JC écoute la radio sur son transistor à piles

 22 septembre

Depuis le trottoir en face de l'immeuble de Charlotte, JC écoute la radio sur son transistor à piles.
"C'est trop fort, JC, tu vas encore te faire emmerder par les flics.
- Qui c'est qui les appelle, le bâtard, le fils de pute !
- J'en sais rien, JC, tu as trop bu aussi.
- Je bois parce que je suis dans un pays libre, le pays de la déclaration de l'homme et du pinard.
- Baisse le son, je t'assure, en plus là c'est de la pub, qu'est-ce que tu en as à faire ?
- Non madame ce n'est pas de la pub, c'est de l'info, je m'instruis.
- Tu veux que je te roule une cigarette ?
- Charlie tu es un ange."
Elle ne se définirait certainement pas ainsi, d’ailleurs elle ne se définit pas du tout.
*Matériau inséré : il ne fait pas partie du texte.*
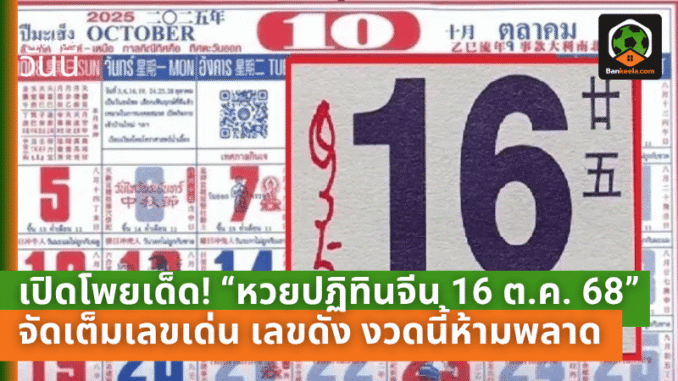 เปิดโพยเด็ด! “หวยปฏิทินจีน 16 ตุลาคม 68” จัดเต็มเลขเด่น เลขดัง งวดนี้คอหวยห้ามพลาด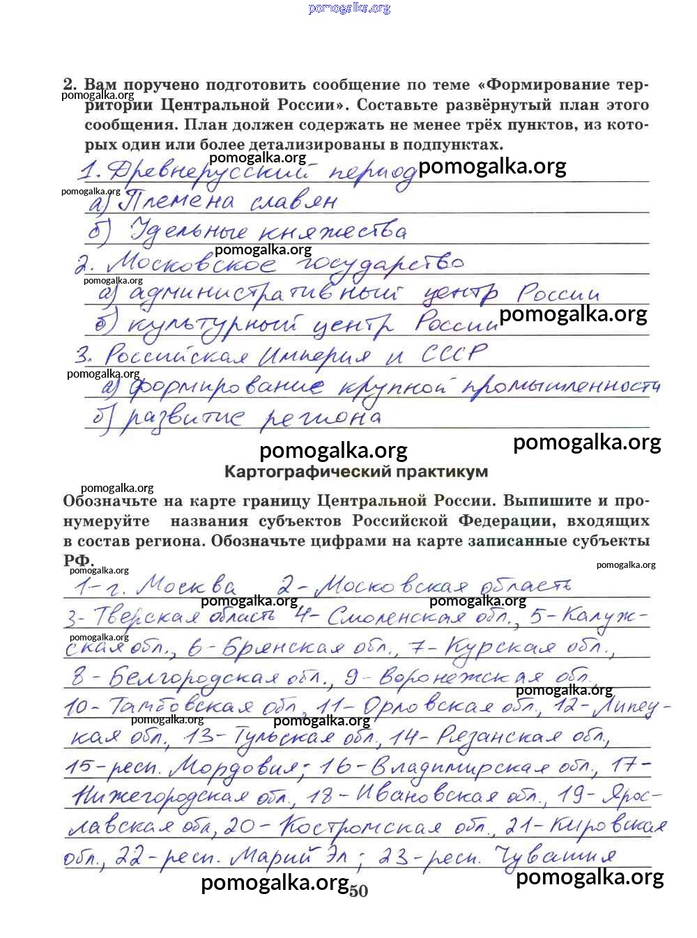 Готовые ответы - География 9 класс Рабочая тетрадь Домогацких Е.М. (к уч. Домогацких) - часть 2. страница 50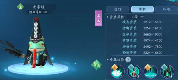 总评:上品宠物资质平平,首选推荐两只活动宠,技能概率掉钱(蚊子再小也是肉),如果没有只推荐88级的无常蛙。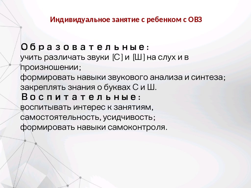 Индивидуальное занятие с ребенком с ОВЗОбразовательные: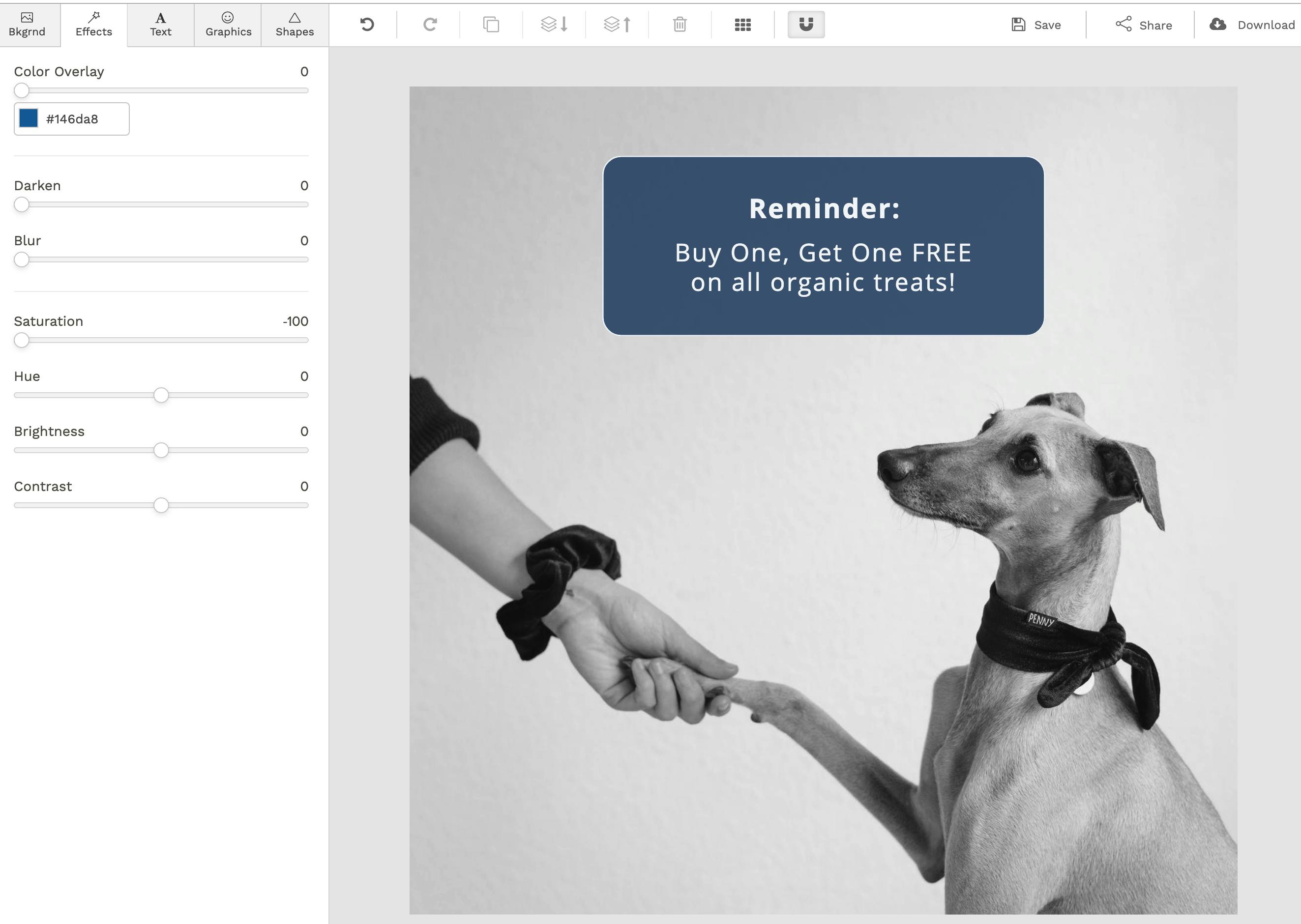 Als je de regelaar Saturation naar rechts sleept, worden de kleuren van de achtergrond levendiger. Zet je de Saturation op -100, dan verandert die afbeelding in zwart-wit). Daarnaast kun je ook nog de kleurtoon (Hue), helderheid (Brightness) en contrast (Contrast) aanpassen. Snappa houdt de gekozen instellingen vast. Dat betekent als je later voor dit project een andere achtergrond zou kiezen, dezelfde effecten automatisch op de nieuwe afbeelding worden toegepast.

Un jour, JC s’est énervé à propos du terme SDF – Moi je suis un clochard, et mon adresse c’est ici ! Il s’est aménagé, dans un angle entre deux immeubles, une cabane avec des cartons, deux planches et trois tasseaux, un petit barda de récupération. Il est là depuis janvier, quand les flics l’embarquent c’est avec son caddie et la plupart de ses affaires, quelques jours plus tard il revient. Peut-être dit-il la vérité quand il raconte qu’il était soldat – ce pourquoi ils le traitent avec des égards. Il dit aussi qu’il était menuisier, et puis qu’il a vécu dans les champs, mais il faisait trop froid, je préfère la ville.
"Bonne journée, JC, vas-y doucement.
- T'inquiète ma poule, rentre chez toi."
Et Charlotte rentre chez elle. 

samedi 21 novembre 2020

Charlotte ne se satisfait pas de vivre à moitié

21 septembre

Charlotte ne se satisfait pas de vivre à moitié. Pas question de conditionnel ni de futur : elle ne se satisfait pas, au présent de l’indicatif. Elle vous regarde pour vous mettre au défi de ne pas la décevoir, ne comptez pas vous en sortir avec un sourire. Tous ses amis ont passé le test, sinon ce ne sont que des gens qu’elle reconnaît vaguement, qui croient la connaître, ou non, elle s’en fout. Au mieux des partenaires occasionnels – de fiesta, de baise, de défonce. Rien à en attendre, nulle espérance. Ceux-là s’imaginent qu’elle est comme eux, embarquée dans une infinie dérive, mais c’est ne pas voir qu’elle est dénuée de tout cynisme et qu’elle a de plus hautes ambitions. Le manque d’espérance c’est autre chose, cela se situe ailleurs, vous comprenez ? Vous comprenez l’intensité de son regard ? Oh, laissez tomber. Elle vous plante là, elle s’en va à grands pas. Elle donne un euro à la famille exilée sur le trottoir, elle s’achète une pomme et un coca, en achète un second pour le gamin anémié qui fixe l’ouverture et la fermeture des portes vitrées. Elle prend une photo d’un coin de ciel sur son portable – c’est la 284ème de la série. Deux-cent-quatre-vingt-quatre jours dans cette ville depuis que Tonio y est mort. Ce n’est pas de la résignation : c’est de la rage.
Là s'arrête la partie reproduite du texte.